L'antivigilia della morte, nell'appello ai
Modenesi, aveva scritto: " il piccolo spazio che c'è fra
la Ghirlandina e il monumento al Tassoni lo chiamerete
' al tvajiol ed Furmajin' (10) per indicare la limitatezza
dello spazio: non direte 'sudario' perché tvajiol è parola
più allegra e simposiale". Oggi il silenzio dei morti
rimbomba nel cuore dei vivi, ed Angelo Fortunato
Formiggini, che alla biblioteca della sua Modena, la
Biblioteca Estense, ha lasciato in eredità gli archivi
famigliari e della casa editrice, ha trovato a Sassuolo,
lontano dal suo Tassoni e dalla sua Ghirlandina, in una
scuola a lui intitolata e in un fazzoletto di terra che
porta un leccio piantato in suo ricordo, là ha trovato al
tvajiol, che può essere per tutti ancora segno di vita, di
amore e di fervida laboriosità, nel nome della cultura e
della pacifica convivenza.
4
Testo a cura del professor GIANPAOLO ANDERLINI
NOTE:
(1) Sulla famiglia Formiggini cfr. Lazzaro PADOA, La famiglia Formiggini a Modena, in L.BALSAMO - R. CREMANTE (edd.), A.F.
FORMIGGINI. Un editore del Novecento, Il Mulino, Bologna, 1981, pp. 45-54.
(2) Ernesto MILANO, Angelo Fortunato Formíggini, (Nuovi Profili, 1), Luisé Editore, Rimini, 1987, p.29.

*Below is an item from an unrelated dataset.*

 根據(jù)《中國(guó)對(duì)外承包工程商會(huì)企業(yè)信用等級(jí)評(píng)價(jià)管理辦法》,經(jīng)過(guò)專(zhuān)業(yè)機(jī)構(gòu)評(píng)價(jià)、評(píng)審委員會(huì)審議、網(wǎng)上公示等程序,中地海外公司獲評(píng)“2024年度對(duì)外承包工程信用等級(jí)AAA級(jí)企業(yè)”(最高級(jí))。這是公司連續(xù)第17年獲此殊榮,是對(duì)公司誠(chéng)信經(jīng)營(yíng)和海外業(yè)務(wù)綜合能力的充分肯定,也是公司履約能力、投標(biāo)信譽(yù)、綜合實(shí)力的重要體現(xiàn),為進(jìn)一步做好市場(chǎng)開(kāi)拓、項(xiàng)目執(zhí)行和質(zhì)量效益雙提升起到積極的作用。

(3) Ernesto MILANO, op.cit., p.39.
(4) A Gesù verrà dedicato un secondo Profilo: Ernesto BUONAIUTI, Gesù Cristo, A.F. Formiggini, Roma, 1926. Interessante segnalare anche
la pubblicazione in lingua italiana della seguente opera fondamentale: C.G. MONTEFIORE, Gesù di Nazareth nel pensiero ebraico
contemporaneo, introd. di F. Momigliano, A.F.Formiggini, Genova, 1913.
(5) Angelo Fortunato FORMIGGINI, Trent'anni dopo. Storia della mia casa editrice, R.F. Levi Editore, Vaciglio (Mo), 1977, p. 93. Cfr. per
una discussione generale: Maurizio TORRINI, Religione e religiosità nei primi anni del '900, in L.BALSAMO - R. CREMANTE (edd.), A.F.

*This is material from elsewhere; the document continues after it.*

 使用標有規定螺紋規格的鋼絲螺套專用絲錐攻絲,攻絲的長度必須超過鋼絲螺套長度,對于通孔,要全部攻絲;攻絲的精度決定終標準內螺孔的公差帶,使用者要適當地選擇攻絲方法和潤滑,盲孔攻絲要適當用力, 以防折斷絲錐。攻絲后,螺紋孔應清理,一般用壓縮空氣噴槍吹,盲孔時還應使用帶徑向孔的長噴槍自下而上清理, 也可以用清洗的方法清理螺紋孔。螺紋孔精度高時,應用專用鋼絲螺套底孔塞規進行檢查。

FORMIGGINI. Un editore del Novecento, Il Mulino, Bologna, 1981, pp.363-390.
(6) Piero TREVES, Formiggini e il problema dell'ebreo in Italia, in L.BALSAMO - R. CREMANTE (edd.), A.F. FORMIGGINI. Un editore
del Novecento, Il Mulino, Bologna, 1981, pp. 71.
(7) Angelo Fortunato FORMIGGINI, Parole in libertà, Edizioni Roma, Roma, 1945, p. 44. Cfr. Piero TREVES, op.cit., pp. 69-71.

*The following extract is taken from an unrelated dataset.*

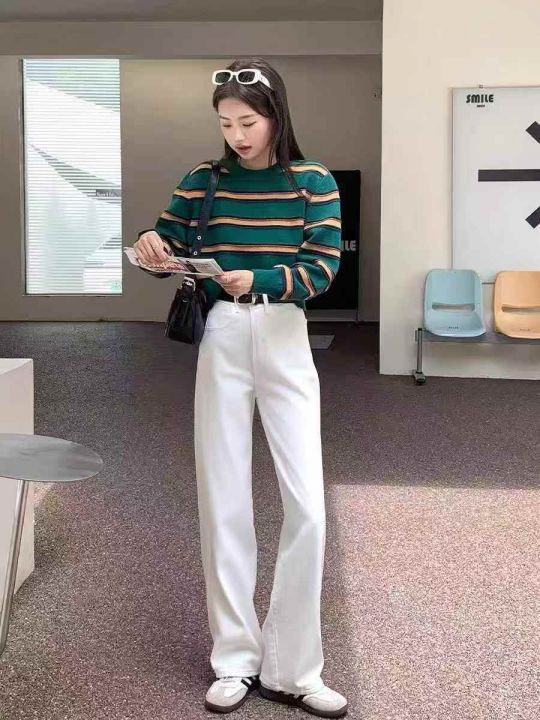 [月亮]:小个子休闲直筒窄版白色牛仔裤
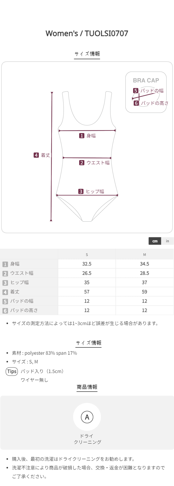 S (44半-55, ブラジャー75, 下着90)

(8) Angelo Fortunato FORMIGGINI, op. cit., p.47.
(9) " Ghirlandina./ Ghirlandina, dammi una spinta/ per aiutarmi a fare il botto!/ La gente dirà: Cos'è questo fagotto?/ Toh! E' il povero
Formaggiotto,/ un modenese di quelli di fuori/ che, oramai, non va più via!/ Formaggino da Modena". La Ghirlandina è la torre campanaria del
Duomo di Modena.
(10) " Il tovagliolo di Formaggino".